> **Action item**
Only the lines below from the one that holds "지난 8일 오전 경기" through the one that holds "规划|大连地铁 2035+ 最新规划图出炉" should appear in the answer, copied exactly, end lines included and pictures omitted.

> **Exercise data**

*** Begin section ***

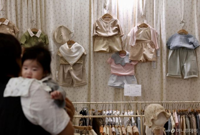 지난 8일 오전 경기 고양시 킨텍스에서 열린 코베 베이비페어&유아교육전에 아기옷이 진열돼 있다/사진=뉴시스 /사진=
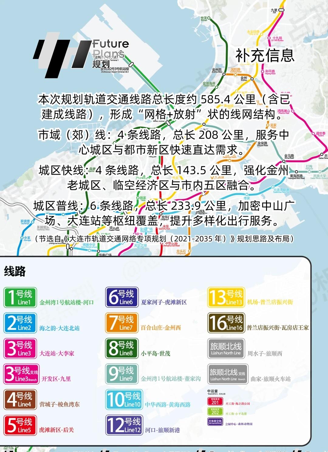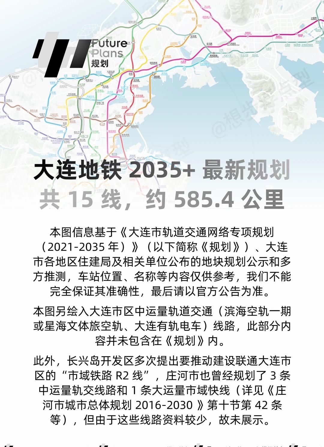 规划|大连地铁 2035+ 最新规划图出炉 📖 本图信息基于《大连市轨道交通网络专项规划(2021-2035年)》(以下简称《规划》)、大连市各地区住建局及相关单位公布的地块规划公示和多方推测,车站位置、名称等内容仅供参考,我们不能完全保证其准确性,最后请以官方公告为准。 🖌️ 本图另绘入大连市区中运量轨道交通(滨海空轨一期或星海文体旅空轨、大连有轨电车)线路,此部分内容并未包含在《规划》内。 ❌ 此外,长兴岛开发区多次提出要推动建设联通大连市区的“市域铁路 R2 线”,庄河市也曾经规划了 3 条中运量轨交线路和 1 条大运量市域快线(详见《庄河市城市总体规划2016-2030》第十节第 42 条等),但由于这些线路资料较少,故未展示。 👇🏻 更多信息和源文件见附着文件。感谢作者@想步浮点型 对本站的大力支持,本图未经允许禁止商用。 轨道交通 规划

*** End section ***
*** Begin section ***

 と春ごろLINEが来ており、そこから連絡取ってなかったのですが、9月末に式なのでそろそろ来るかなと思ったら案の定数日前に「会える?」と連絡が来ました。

*** End section ***
*** Begin section ***

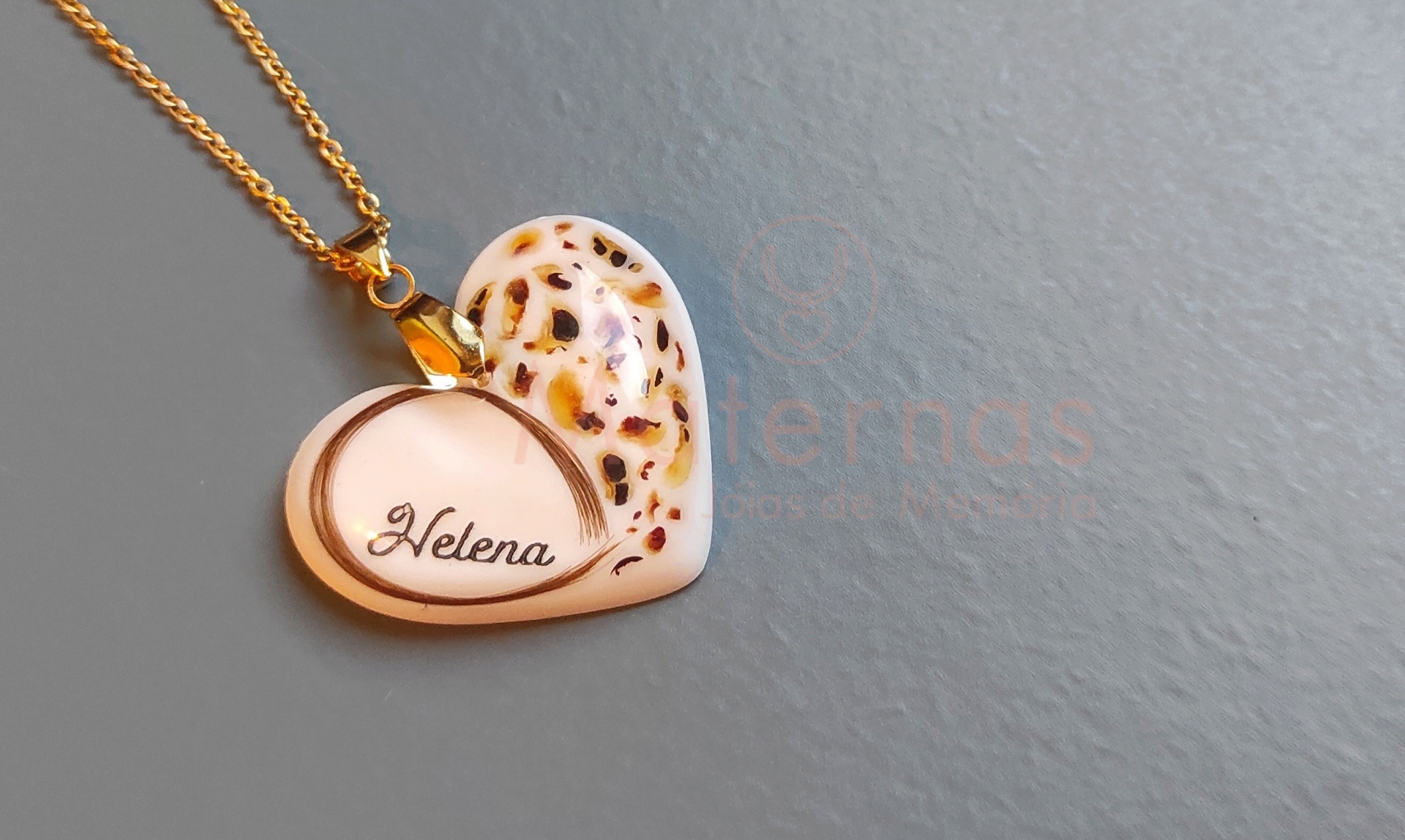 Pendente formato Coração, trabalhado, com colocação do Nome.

*** End section ***

> **Answer to this problem**
 지난 8일 오전 경기 고양시 킨텍스에서 열린 코베 베이비페어&유아교육전에 아기옷이 진열돼 있다/사진=뉴시스 /사진=
 规划|大连地铁 2035+ 最新规划图出炉 📖 本图信息基于《大连市轨道交通网络专项规划(2021-2035年)》(以下简称《规划》)、大连市各地区住建局及相关单位公布的地块规划公示和多方推测,车站位置、名称等内容仅供参考,我们不能完全保证其准确性,最后请以官方公告为准。 🖌️ 本图另绘入大连市区中运量轨道交通(滨海空轨一期或星海文体旅空轨、大连有轨电车)线路,此部分内容并未包含在《规划》内。 ❌ 此外,长兴岛开发区多次提出要推动建设联通大连市区的“市域铁路 R2 线”,庄河市也曾经规划了 3 条中运量轨交线路和 1 条大运量市域快线(详见《庄河市城市总体规划2016-2030》第十节第 42 条等),但由于这些线路资料较少,故未展示。 👇🏻 更多信息和源文件见附着文件。感谢作者@想步浮点型 对本站的大力支持,本图未经允许禁止商用。 轨道交通 规划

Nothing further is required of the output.